Activity 11.4.3.
(a)
In Figure 11.4.8, we see the trace of \(f(x,y) = \sin(x) e^{-y}\) with \(x\) held constant with \(x = 1.75\) plotted in blue. You can use the slider in Figure 11.4.8 to look at how the slope of the tangent line changes as you vary the \(y\)-coordinate along this trace. Write a couple of sentences that describe whether the slope of the tangent lines to this curve increase or decrease as \(y\) increases along the trace \(x=1.75\text{.}\) Be sure to pay attention to which direction corresponds to each coordinate increasing.
(b)
Compute \(f_{yy}(x,y)\) algebraically and explain how your observations in the previous task are related to the value of \(f_{yy}(1.75,y)\text{.}\) Be sure to address the notion of concavity in your response and be careful to note the directions in which \(y\) is increasing.
(c)
We want to explore what is described by the mixed partial derivative, \(f_{xy}\text{,}\) and we will focus on the point given by \((x,y)=(1.75,-1.5)\text{.}\) In this task, we will work through the definition for \(f_{xy} (1.75,-1.5)\) carefully.
The partial derivative \(f_x(1.75,-1.5)\) measures the slope of the line tangent to the trace given by \(y=-1.5\text{.}\) The tangent line we are examining is changing in the \(x\)-direction (parallel to the \(x\)-axis).

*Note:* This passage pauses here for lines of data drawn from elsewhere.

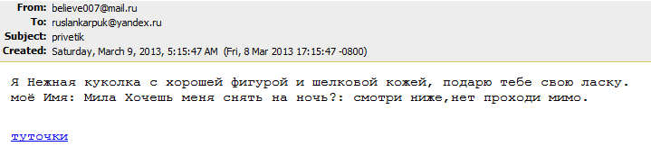 Глядя на это «чудо», понимаешь, почему Руслан по-прежнему находится в активном поиске и подписывается на рассылку сообщений о предоставлении секс-услуг.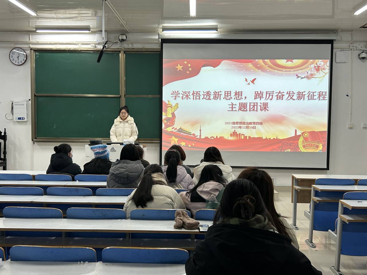 12月19日上午,ok138cn太阳集团5292021级思想政治教育四班在社科楼514教室开展“学深悟透新思想,踔厉奋发新征程”主题团课。2021级思想政治教育四班全体学生共同参加本次团课。团课由团支书刘珂含主持。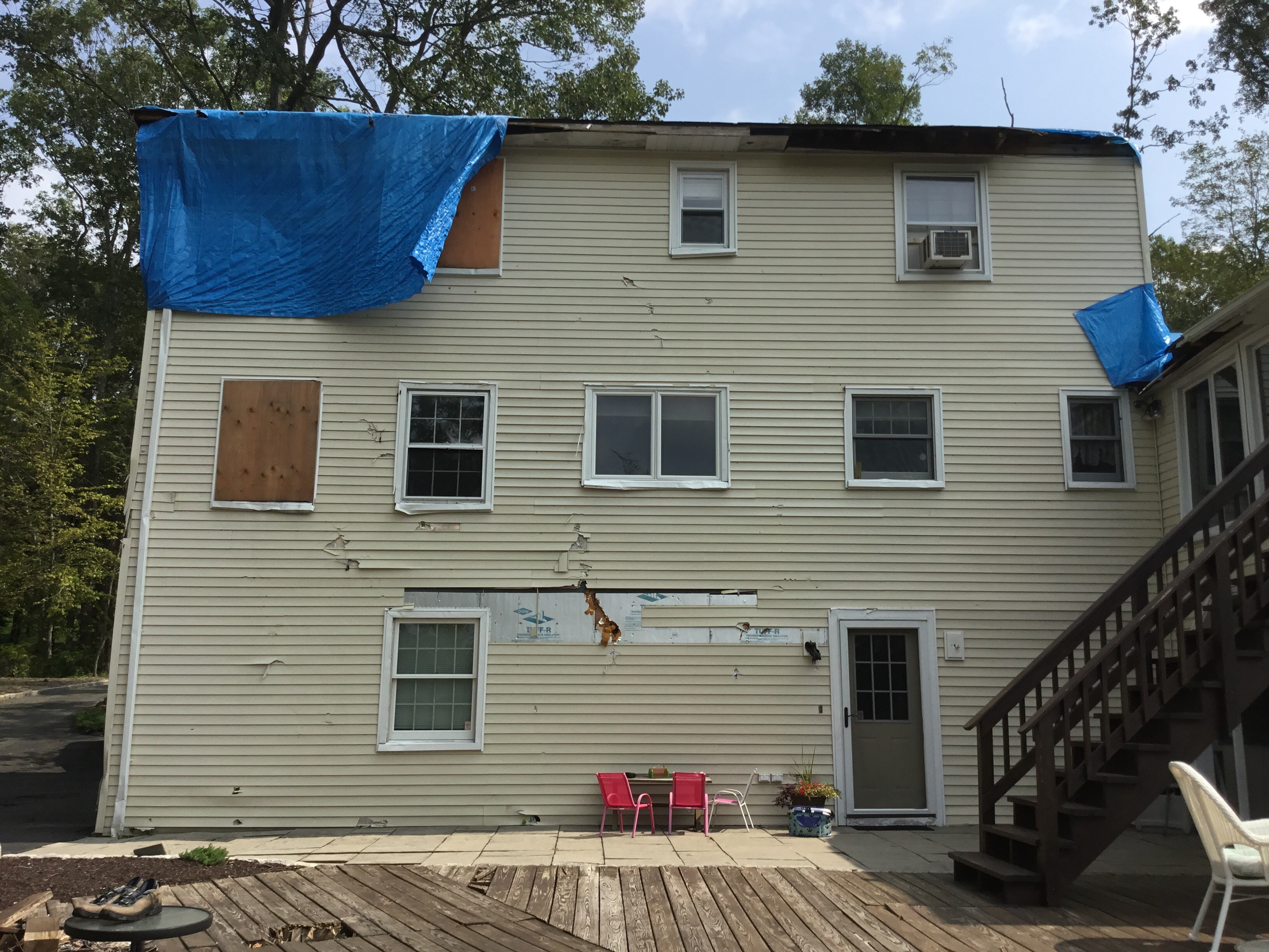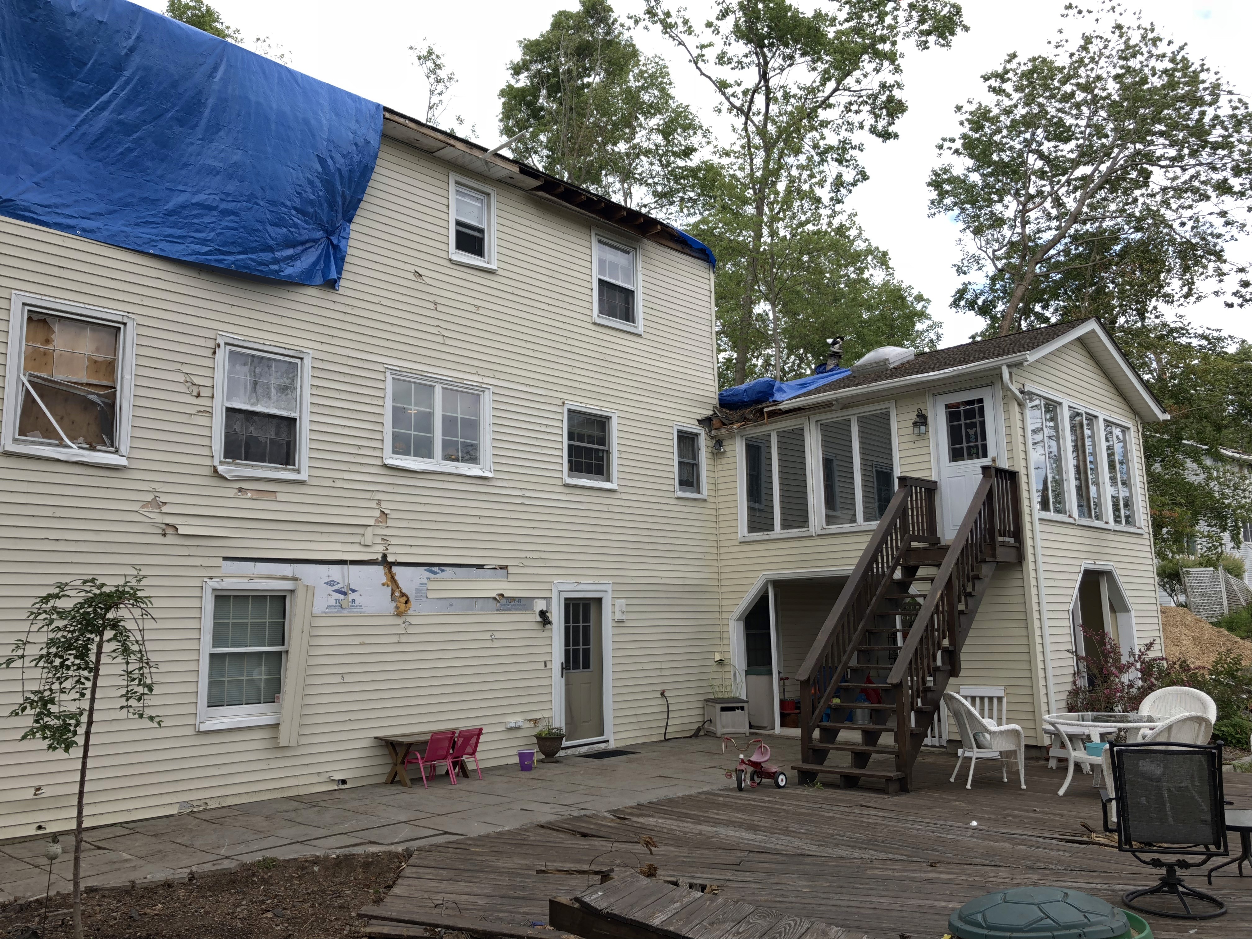 The storm caused extensive damage to the home’s large rear deck. We fully rebuilt the deck, restoring both safety and functionality while creating a strong outdoor space for the homeowners to enjoy.

When we look at \(f_{xy}\text{,}\) we are taking the partial derivative of \(f_x\) with respect to \(y\text{,}\) \(\frac{\partial}{\partial y} \Bigl[ f_x \Bigr]\text{.}\) So we are looking at how the slope of the tangent line in the \(x\)-direction will change when we vary the \(y\)-coordinate a little bit. We would approximate \(f_{xy}(1.75,-1.5)\) with the following difference quotient:
\begin{equation*}
\frac{f_x(1.75,-1.5+h)-f_x(1.75,-1.5)}{h}
\end{equation*}
You might think of sliding your pencil down the trace with \(x=1.5\) so that the pencil is in the \(x\)-direction and tangent to the surface. In Figure 11.4.9, the pencil would be the black tangent line drawn. You can use the slider at the top of Figure 11.4.9 to change the \(y\)-coordinate of the point where the black tangent line is drawn. You should look at what happens to the slope of the black tangent line as you increase the \(y\)-coordinate with the slider. The tangent line in the \(x\)-direction at the point \((1.75,-1.5)\) is drawn in gray for reference purposes.

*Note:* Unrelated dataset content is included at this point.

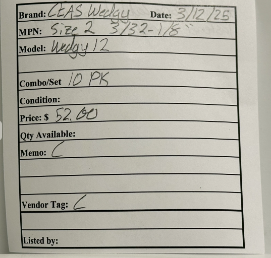 The 10 PK Ceas Wedgy (Size 2 3/32-1/8") Wire Rope Cable Drop Hanging Fastener Connector is designed to securely hang and support wire rope cables in various applications. These connectors are typically used for suspending or mounting cables, such as in lighting systems, signage, or industrial rigging setups. To use, simply thread the wire rope through the fastener and clamp it securely, providing a stable anchor point for the cable. The Size 2 3/32-1/8" range accommodates various small wire rope sizes, making it versatile for different projects. These fasteners are ideal for applications where a secure, reliable drop hanging solution is required, ensuring that cables stay firmly in place.

Based on your exploration with Figure 11.4.9, write a few sentences about whether \(f_{xy}(1.75, -1.5)\) is positive or negative and justify your reasoning.
(d)
Compute \(f_{xy}(x,y)\) algebraically and evaluate \(f_{xy}(1.75, -1.5)\text{.}\) Write a couple of sentences about how this value compares with your observations in the previous task.
(e)
We know that \(f_{xx}(1.75, -1.5)\) measures the concavity of the \(y = -1.5\) trace, and that \(f_{yy}(1.75, -1.5)\) measures the concavity of the \(x = 1.75\) trace. What do you think the quantity \(f_{xy}(1.75, -1.5)\) measures?
(f)
On Figure 11.4.10, the trace with \(y = -1.5\) is highlighted with the point \((1.75,-1.5,f(1.75,-1.5))\) drawn in black. Sketch three tangent lines whose slopes correspond to the value of \(f_{yx}(x,-1.5)\) for three different values of \(x\) (near \(x=1.75\)). Use your tangent lines to state whether \(f_{yx}(1.75, -1.5)\) is positive or negative. Justify your reasoning and describe what you think \(f_{yx}(1.75, -1.5)\) measures.